Mini-invasive Surg 2017;1:121-125.10.20517/2574-1225.2017.23© The Author(s) 2017.
Open AccessTopic: Achalasia Management: The South American Viewpoint

One size fits all: laparoscopic Heller’s myotomy for the treatment of achalasia irrespective of the degree of dilatation

1Department of Surgery, Escola Paulista de Medicina, Federal University of São Paulo, São Paulo, SP 04037-003, Brazil.

2Department of Surgery, University of North Carolina at Chapel Hill, Chapel Hill, NC 27599, USA.

Correspondence Address: Dr. Fernando A. M. Herbella, Department of Surgery, Escola Paulista de Medicina, Federal University of São Paulo, Rua Diogo de Faria 1087 cj 301, São Paulo, SP 04037-003, Brazil. E-mail:


    This is an open access article licensed under the terms of Creative Commons Attribution 4.0 International License (, which permits unrestricted use, distribution, and reproduction in any medium, as long as the original author is credited and the new creations are licensed under the identical terms.


    Laparoscopic Heller’s myotomy is the most common surgical procedure to treat achalasia. It is the most accepted therapy for non-advanced stages of the disease. In the setting of advanced disease with marked esophageal dilatation or sigmoid-shaped esophagus the ideal surgical procedure is debatable. Esophagectomy is believed by several authors to be the operation of choice in these cases. Others; however, opt for less invasive alternatives. Laparoscopic Heller’s myotomy has been shown to be a safe and resourceful alternative in end-stage achalasia as well.

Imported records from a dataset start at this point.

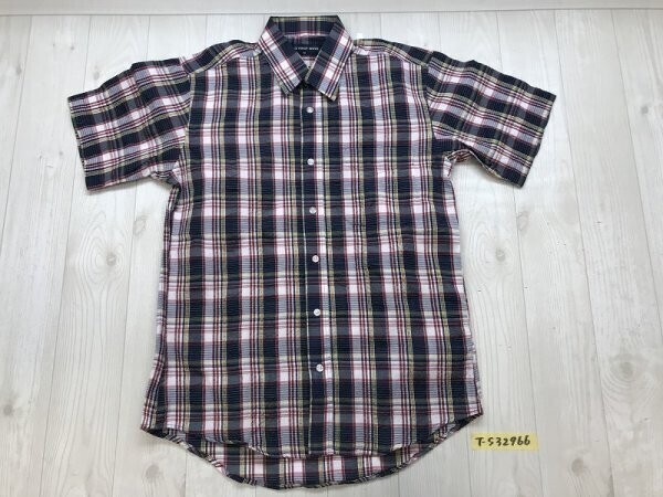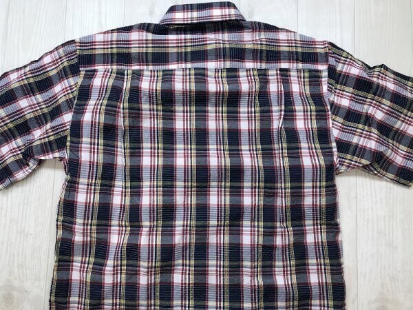 THE FIRST WAVE メンズ チェック柄 シアサッカー 半袖シャツ M 紺赤白 です。
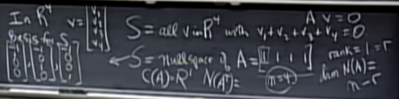 A는 rank1을 가지며, nullspace의 차원은 n - r = 3이다. 왼쪽 nullspace는 zero vector만을 포함하고, 차원은 0을 가지며, 기저(basis)는 빈 집합입니다. A의 행 공간(row space)도 차원 1을 가진다.
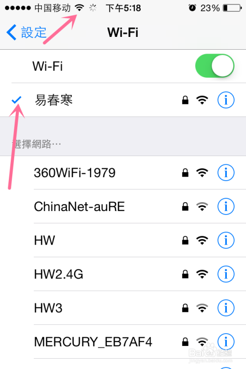 打开WI-FI的状况是会显示绿颜色的。如下图箭头所指标的目的的位置。
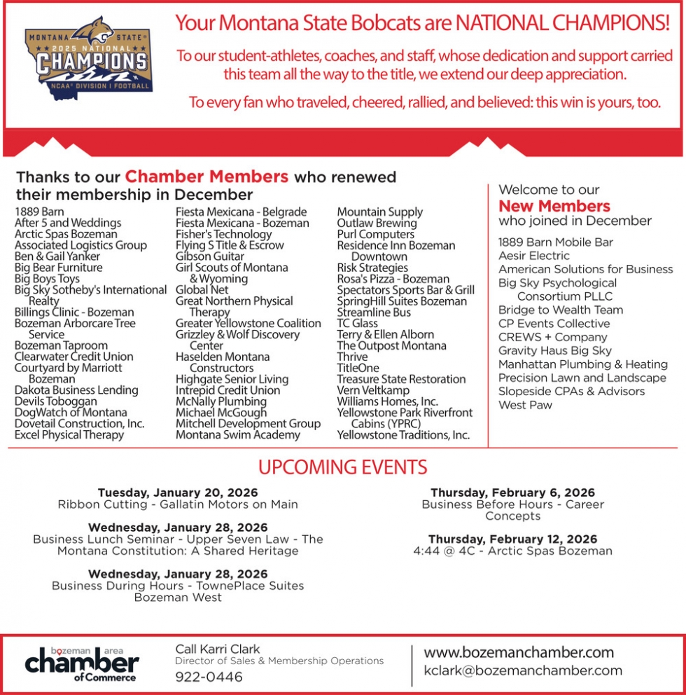 Jan 20, 2026. Bozeman Area Chamber of Commerce Organizations Ads from The Bozeman Daily Chronicle

    Achalasia is a rare neurodegenerative primary esophageal motor disorder characterized by abnormal lower esophageal sphincter relaxation and aperistalsis[1]. The disease may be idiopathic[2] or secondary to Chagas’ disease - a tropical disease common in Latin America[3], although both forms have distinct etiology they share the same pathophysiology. End-stage disease with marked esophageal dilatation or sigmoid-shaped esophagus is; however, more frequent in Chagas’ disease patients [Figure 1][4].

    Figure 1. Massive dilated megaesophagus in a patient with Chagas's disease esophagopathy

    The degree of esophageal dilatation is used to grade the severity of the disease and may be used as a guide to tailor treatment according to some authors[5]. There is no consensus on the threshold of esophageal diameter to consider the disease as end-stage. While some adopt the limit in 6 cm[6], others prefer 7 cm[7]. In Brazil, 4 different stages of esophageal dilatation are considered[8] and end-stage disease is defined by diameterover 10 cm[9].

    Laparoscopic Heller’s myotomy (LHM) is the most common surgical procedure to treat achalasia. It is the most accepted therapy for non-advanced stages of the disease[10]. In the setting of advanced disease with marked esophageal dilatation or sigmoid-shaped esophagus the ideal surgical procedure is debatable[9]. Esophagectomy is believed by several authors to be the operation of choice in these cases[11]. However, others advocate for less invasive alternatives[6].

    This review discusses the role of LHM as the preferred treatment for achalasia irrespective of the degree of esophageal dilatation.

    Laparoscopic Heller's myotomy role in non-advanced achalasia

    LHM was described in the early 1990s[12,13] and since became a wildly accepted procedure for non-advanced achalasia[14]. Forceful pneumatic dilatation of the cardia is also a widespread primary therapy[15] but recent meta-analyses showed inferior results to dilatation as compared to LHM[10,16]. Indeed, a shift to LHM to endoscopic dilatation has occurred[17]. LHM is associated to low rates of complications, null mortality, and excellent and long-lasting outcomes superior to 90% of dysphagia relief in most series[18-20]. LHM is still the gold-standard treatment for non-advanced achalasia that must be used to compare the outcomes of other treatments such as the newly developed peroral endoscopic myotomy (POEM)[21,22].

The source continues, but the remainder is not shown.